§ Collected data
━━━━━━━━

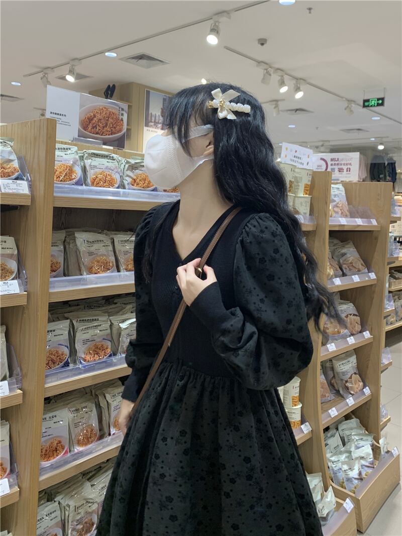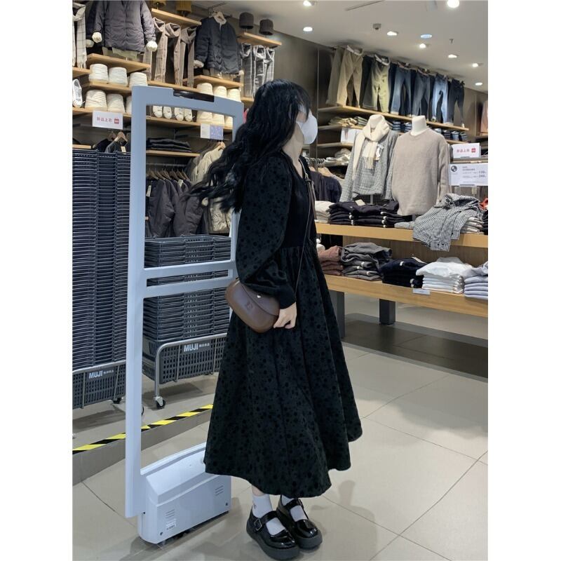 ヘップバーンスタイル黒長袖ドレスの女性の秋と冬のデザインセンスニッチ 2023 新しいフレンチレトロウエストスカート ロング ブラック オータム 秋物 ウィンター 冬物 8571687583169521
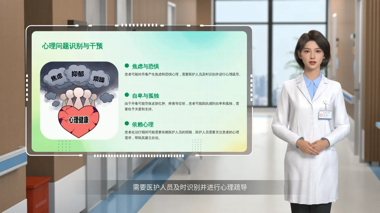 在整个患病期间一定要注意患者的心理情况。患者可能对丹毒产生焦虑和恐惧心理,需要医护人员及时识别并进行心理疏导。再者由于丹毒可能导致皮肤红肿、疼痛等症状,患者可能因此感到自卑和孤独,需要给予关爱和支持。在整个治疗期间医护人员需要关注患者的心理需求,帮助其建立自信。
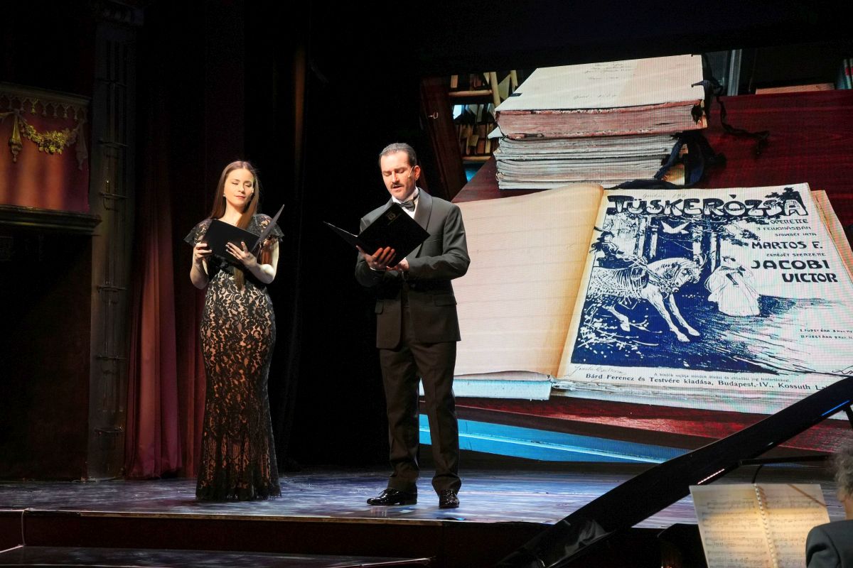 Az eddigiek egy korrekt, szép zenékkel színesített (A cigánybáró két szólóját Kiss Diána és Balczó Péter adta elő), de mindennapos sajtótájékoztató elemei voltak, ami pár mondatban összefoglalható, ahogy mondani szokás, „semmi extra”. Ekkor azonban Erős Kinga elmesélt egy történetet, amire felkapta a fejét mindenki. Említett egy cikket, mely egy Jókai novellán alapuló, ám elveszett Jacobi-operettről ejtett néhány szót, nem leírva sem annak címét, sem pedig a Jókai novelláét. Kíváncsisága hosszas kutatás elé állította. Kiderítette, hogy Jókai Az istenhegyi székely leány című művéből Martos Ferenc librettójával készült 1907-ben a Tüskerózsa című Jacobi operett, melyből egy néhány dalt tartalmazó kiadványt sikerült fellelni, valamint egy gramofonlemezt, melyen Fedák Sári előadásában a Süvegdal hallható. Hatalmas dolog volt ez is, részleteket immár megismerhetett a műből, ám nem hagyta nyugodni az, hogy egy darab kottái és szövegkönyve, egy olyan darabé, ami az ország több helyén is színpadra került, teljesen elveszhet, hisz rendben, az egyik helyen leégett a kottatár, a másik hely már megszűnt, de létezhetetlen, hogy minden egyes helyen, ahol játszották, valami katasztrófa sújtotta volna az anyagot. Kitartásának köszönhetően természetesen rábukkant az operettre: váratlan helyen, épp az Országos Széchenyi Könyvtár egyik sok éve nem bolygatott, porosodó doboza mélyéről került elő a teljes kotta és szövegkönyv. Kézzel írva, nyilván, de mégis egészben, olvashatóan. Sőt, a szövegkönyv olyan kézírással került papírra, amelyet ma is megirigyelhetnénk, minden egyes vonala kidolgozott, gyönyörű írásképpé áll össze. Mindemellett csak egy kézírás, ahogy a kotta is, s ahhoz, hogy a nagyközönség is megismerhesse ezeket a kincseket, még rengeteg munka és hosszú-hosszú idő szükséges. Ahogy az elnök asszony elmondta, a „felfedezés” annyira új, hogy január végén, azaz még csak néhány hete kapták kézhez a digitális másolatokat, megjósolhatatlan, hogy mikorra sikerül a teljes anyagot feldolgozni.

━━━━━━━━

§ Problem to work on
With the pictures left out, restate word for word every line of the data above, from the first down to the line that contains "在整个患病期间一定要注意患者".

§ Your solution
 ヘップバーンスタイル黒長袖ドレスの女性の秋と冬のデザインセンスニッチ 2023 新しいフレンチレトロウエストスカート ロング ブラック オータム 秋物 ウィンター 冬物 8571687583169521
 在整个患病期间一定要注意患者的心理情况。患者可能对丹毒产生焦虑和恐惧心理,需要医护人员及时识别并进行心理疏导。再者由于丹毒可能导致皮肤红肿、疼痛等症状,患者可能因此感到自卑和孤独,需要给予关爱和支持。在整个治疗期间医护人员需要关注患者的心理需求,帮助其建立自信。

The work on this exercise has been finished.